Compared with healthy controls, heterozygous mutation carriers also had higher IL-6 levels.
“This tells us that heterozygous mutations also constitute a strong risk factor for the onset of Parkinson’s disease,” Anne Grünewald, PhD, a senior author of the study, said in a press release.
“Even before the disease has broken out in these heterozygous carriers, we might be able to detect it at an early stage by monitoring IL-6 in the serum,” Grünewald said.
To confirm these results, the team also performed the same analyses in a group of patients from Italy that included 19 homozygous PRKN or PINK1 mutation carriers, five affected heterozygous, and nine unaffected heterozygous carriers, as well as five patients with idiopathic Parkinson’s and nine healthy control subjects.
Similarly, homozygous mutation carriers had significantly higher IL6 levels compared with healthy controls and unaffected heterozygous mutation carriers. Affected heterozygous mutation carriers also tended to have higher levels of IL-6 compared with healthy people. In contrast, unaffected heterozygous mutation carriers did not have higher IL-6 levels.
Investigators also found patients with idiopathic Parkinson’s had significantly higher IL-6 levels than controls, but not as high as homozygous mutation carriers.
While CRP levels did not generally match the IL-6 results, there was a trend toward increased CRP in patients with Parkinson’s caused by PRKN or PINK1 mutations, compared with those with idiopathic disease or healthy controls. CRP levels correlated with IL-6 in affected PRKN or PINK1 mutation carriers, patients with idiopathic Parkinson’s disease, and healthy subjects.
Compared with patients with idiopathic Parkinson’s, there was a significant increase in mtDNA in homozygous mutations carriers and affected heterozygous mutation carriers.
There also was a trend toward elevated mtDNA in homozygous carriers and affected heterozygous individuals compared with controls. Furthermore, high mtDNA levels were found in affected compared with unaffected heterozygous mutation carriers.
Additional analyses also showed that mtDNA levels could distinguish patients with idiopathic disease from those whose Parkinson’s was associated with heterozygous PRKN or PINK1 mutations.

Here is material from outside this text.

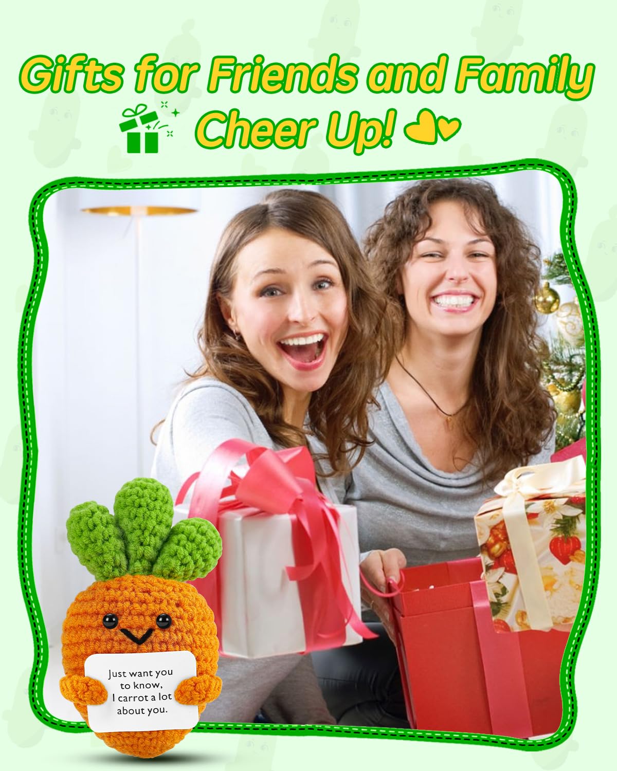 Jelutar Mini Funny Positive Potato, 3 Inch Knitted Doll With Positive Card For Cheer Up Gifts And Party Decorations, Cute Positive Potato Crochet Doll For Birthday Gifts (Positive Carrot)

Researchers also found that in patients with idiopathic Parkinson’s, older subjects tended to have higher IL-6 levels; however, this trend was not found in homozygous mutation carriers or in healthy controls. Higher levels of IL-6 correlated with longer disease duration in those with homozygous mutations, but not in those with idiopathic disease.
“These results highlight the potential of IL-6 as progression marker in Parkinson’s disease due to PRKN/PINK1 mutations,” they wrote.

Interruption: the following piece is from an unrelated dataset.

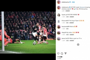 他也在賽后通過(guò)社媒曬出自己的進(jìn)球瞬間,并配文:“7造歷史!@阿森納,難以置信的球隊(duì),難以置信的支持!??????我們繼續(xù)努力!”

After adjusting for age, trends in IL-6 levels remained, which also highlighted the differences in IL-6 levels in affected homozygous mutation carriers compared with affected heterozygous individuals and patients with idiopathic disease.
Given this connection between PRKN or PINK1 mutations and inflammation, “our study suggests that treatment with anti-inflammatory drugs holds the potential to alleviate the course of Parkinson’s disease — at least for patients with mutations in the Parkin or PINK1 gene,” Grünewald said.
“Our findings have a high value for potential clinical applications, be it biomarkers in the patient’s serum that detect the state of the disease or new therapeutic approaches targeting the innate immune response in Parkin/PINK1-associated Parkinson’s disease,” she added.